-- TASK TO CARRY OUT --
Beginning with the line that has "An openwork structure, featuring" and ending with the line that has "Door-Stop 4 Square Blue Right Hand GRP", retype the entries below exactly, except for the pictures.

-- THE RECORDS --
[Start of Attachment]

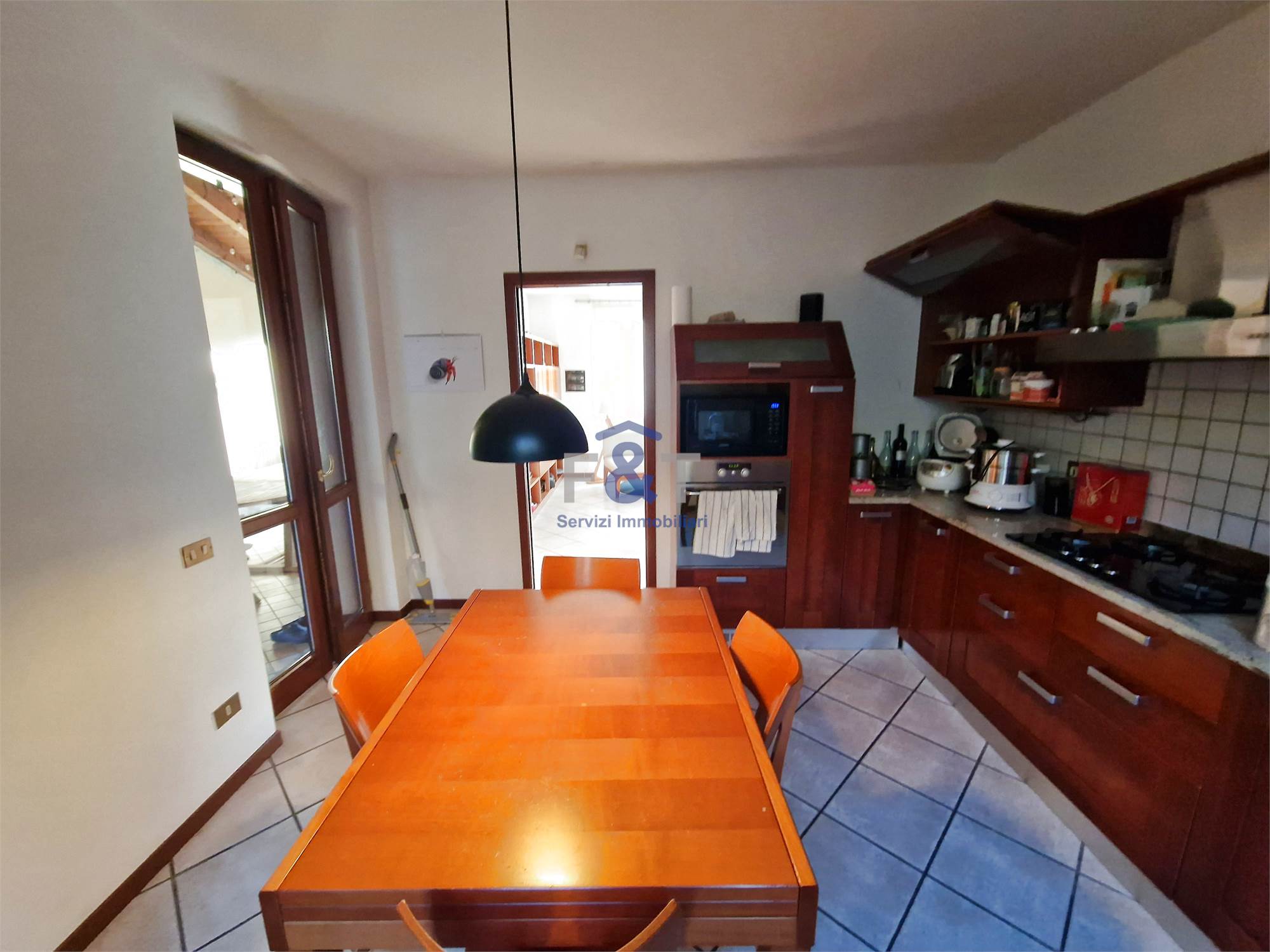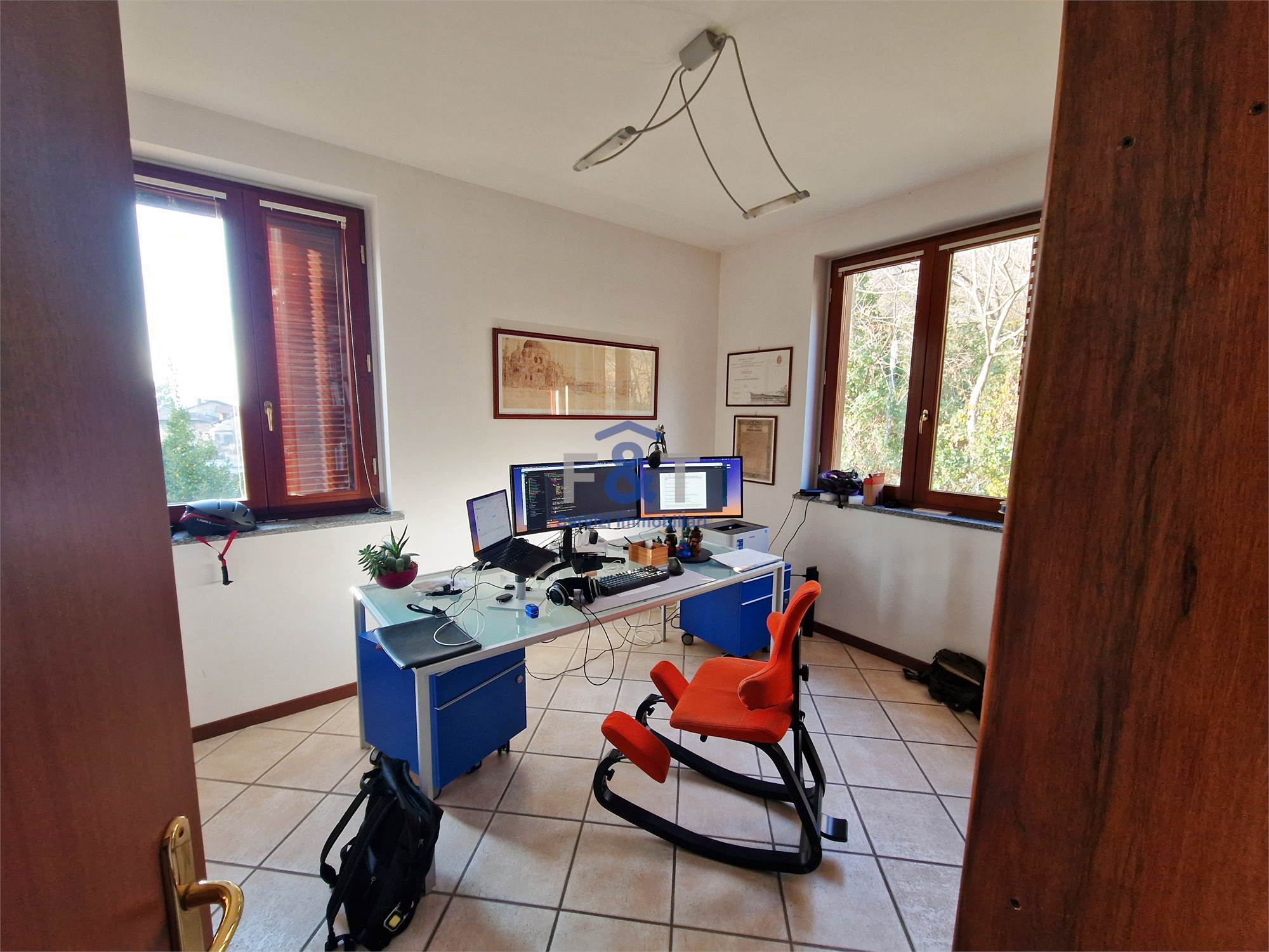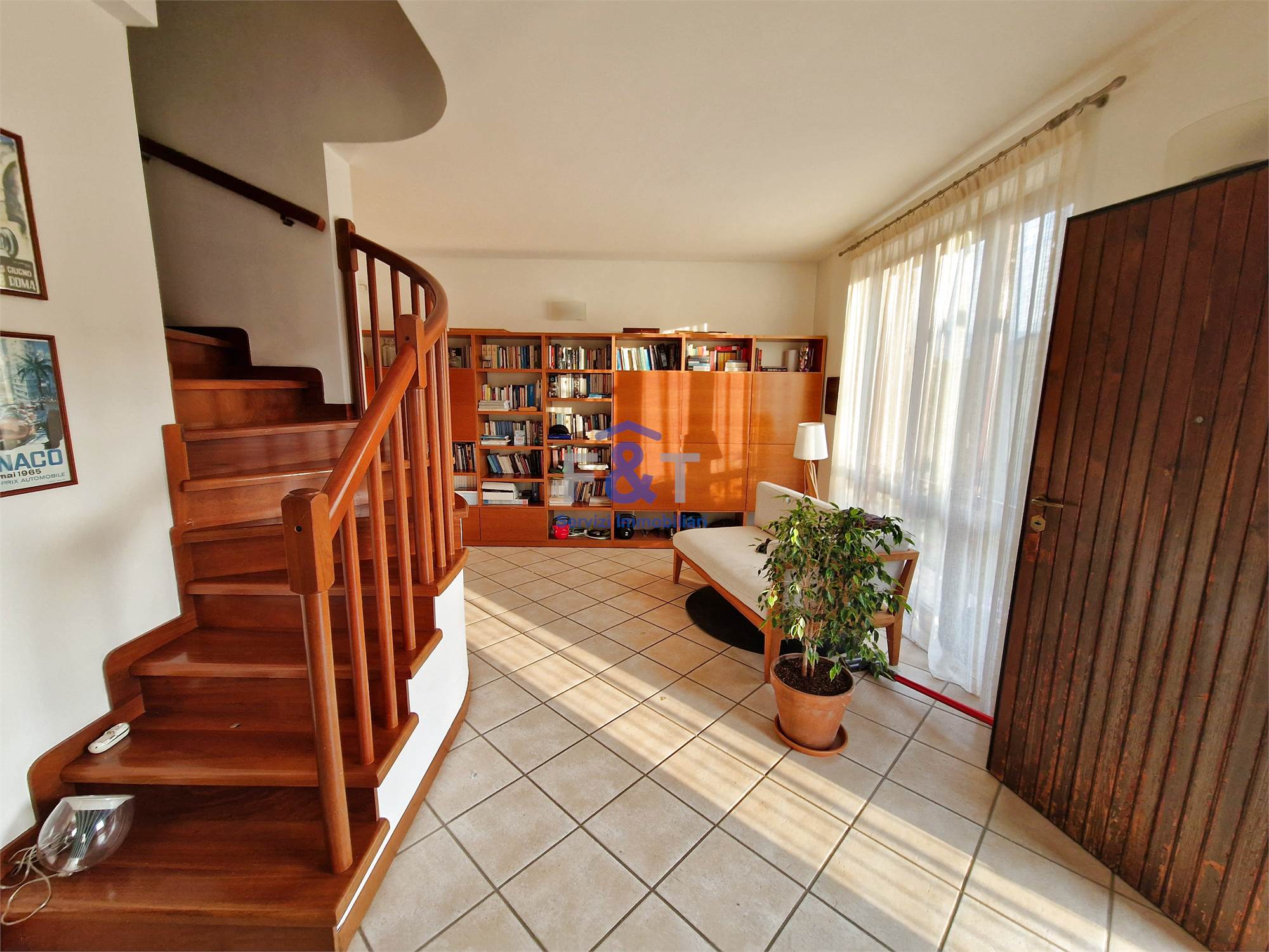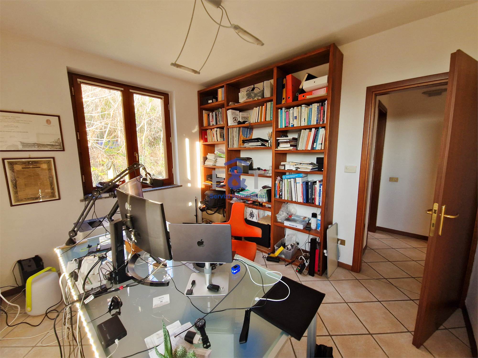 La proprietà si sviluppa su tre livelli e al primo piano accoglie una zona giorno ampia e luminosa, dominata da un grande salone con camino e uscita sul balcone, perfetto per momenti di relax, una cucina abitabile arredata su misura con accesso diretto a un portico di circa 35 mq, ideale per pranzi e cene all’aperto, una camera da letto attualmente adibita a studio e un bagno moderno con sanitari sospesi e doccia.
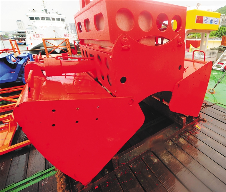 电视抓斗就是把摄像机安装在抓斗上,再装两个灯,相当于给抓斗安了一双眼睛,然后人在船上通过电脑屏幕监控,可以清楚地看到海底的情况,通过甲板监视系统操作斗体开合,根据需要对海底目标进行抓取采样,增加了取样的精准性。
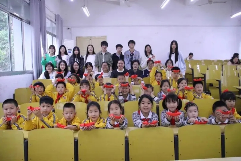 外国语学院充分挖掘赣南非遗资源,将剪纸、皮影、折纸等传统技艺转化为红色文化传播的“活教材”,让青年学生在动手实践中触摸历史温度。学院汉语国际教育专业学生组建了“非遗工坊”,将非遗传承纳入实践教学体系,开发“非遗+红色文化”双语教学方案。引导学生们深入瑞金、兴国等地采风,将“八子参军”“长征第一渡”等红色故事转化为可操作的非遗创作教程。学院还组织学生们走进赣州中小学及社区,开设“非遗里的红色课堂”,让“看红色故事”变为“做红色记忆”,推动非遗技艺成为青年学子传承红色记忆的“活态载体”。
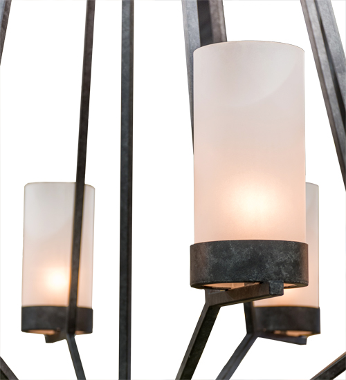 An openwork structure, featuring an elaborate frame custom built of Solid Steel, is adorned with 12 White acrylic cylindrical accents that illuminate from this unique pendant’s arms. The hardware is featured in a Smoke finish and custom crafted in the USA. Custom colors, styles, sizes and dimmable energy efficient lamping options are available.
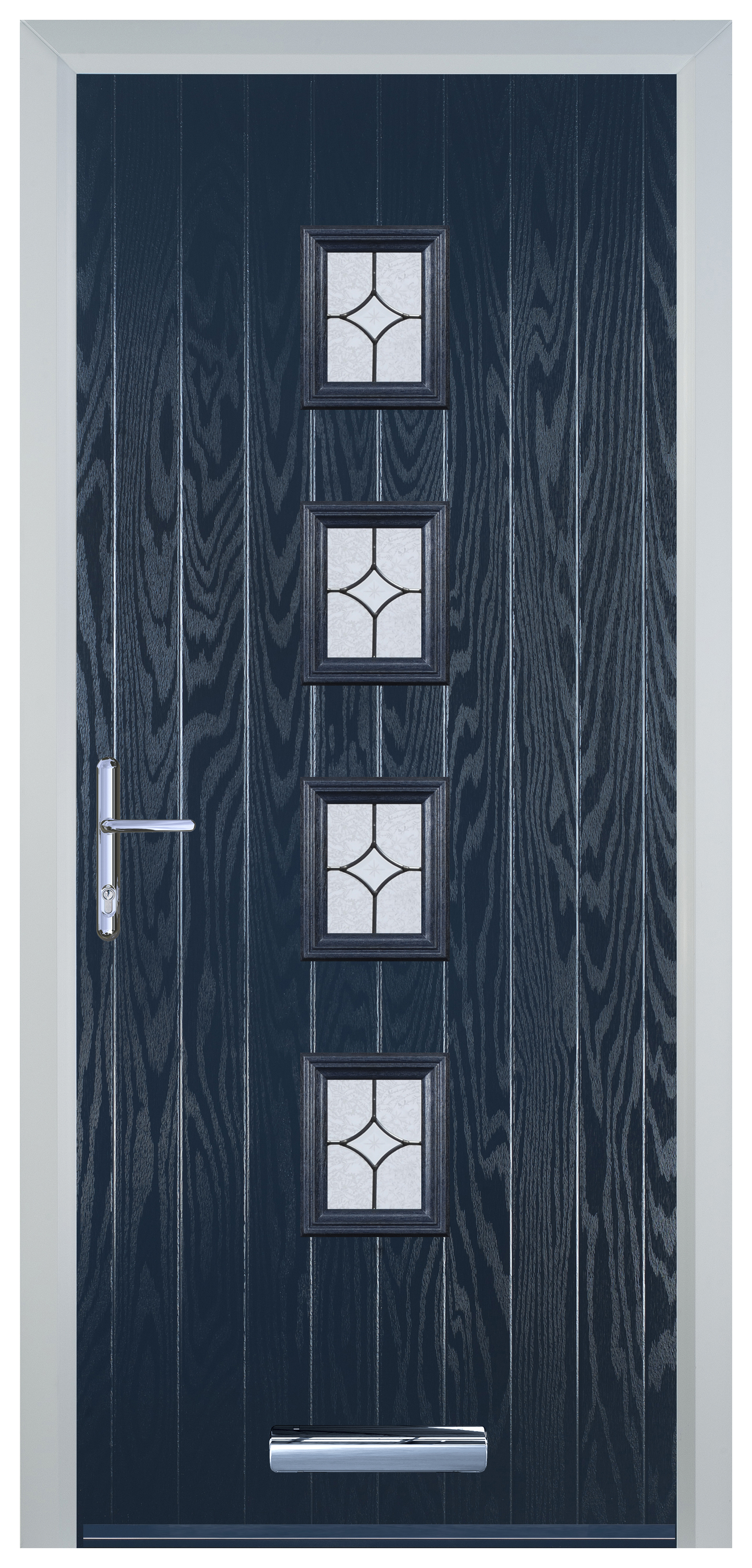 Door-Stop 4 Square Blue Right Hand GRP Composite Door with Flair Glass - 840 x 2100mm - Door-Stop 4 Square Blue Right Hand Composite Door is designed to elevate both style and functionality within your home. This door combines minimal maintenance with durable construction for lasting performance. With its elegant design, this door adds a touch of sophistication to any entryway. The rich blue colour adds a touch of sophistication and serenity to your home's exterior, creating an inviting focal point. This door offers exceptional strength, stability, and security. Easy to install and its smooth surface is easy to clean, allowing you to enjoy its pristine appearance with minimal effort.
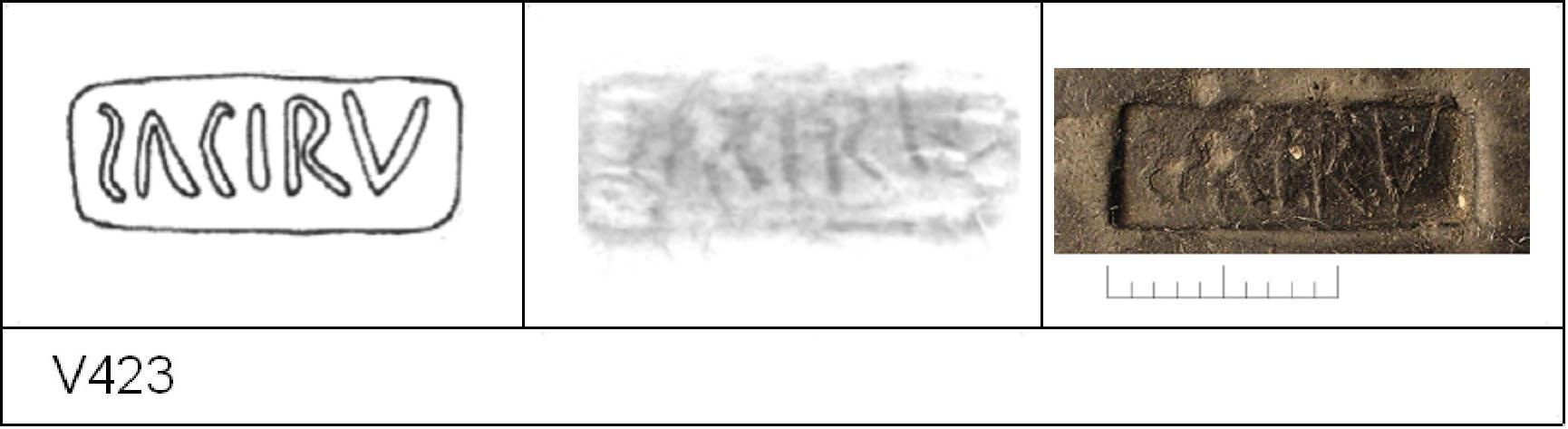 | 423 | Unknown | Joslin Coll | Colchester | Cam 56 | TN | Colchester Museum | Joslin Coll 127 | 37 | 01A01 | C | Y | Die 01A01 Cam 56L. TN - sandy grey matrix; black surfaces; polished upper, matt lower. Uncertain Reading:- S(reversed)ACIRV. Large letters. 1. 1 IC. CONDITION - trimmed around foot-ring. |

[End of Attachment]

-- SOLUTION TO THE EXERCISE --
 An openwork structure, featuring an elaborate frame custom built of Solid Steel, is adorned with 12 White acrylic cylindrical accents that illuminate from this unique pendant’s arms. The hardware is featured in a Smoke finish and custom crafted in the USA. Custom colors, styles, sizes and dimmable energy efficient lamping options are available.
 Door-Stop 4 Square Blue Right Hand GRP Composite Door with Flair Glass - 840 x 2100mm - Door-Stop 4 Square Blue Right Hand Composite Door is designed to elevate both style and functionality within your home. This door combines minimal maintenance with durable construction for lasting performance. With its elegant design, this door adds a touch of sophistication to any entryway. The rich blue colour adds a touch of sophistication and serenity to your home's exterior, creating an inviting focal point. This door offers exceptional strength, stability, and security. Easy to install and its smooth surface is easy to clean, allowing you to enjoy its pristine appearance with minimal effort.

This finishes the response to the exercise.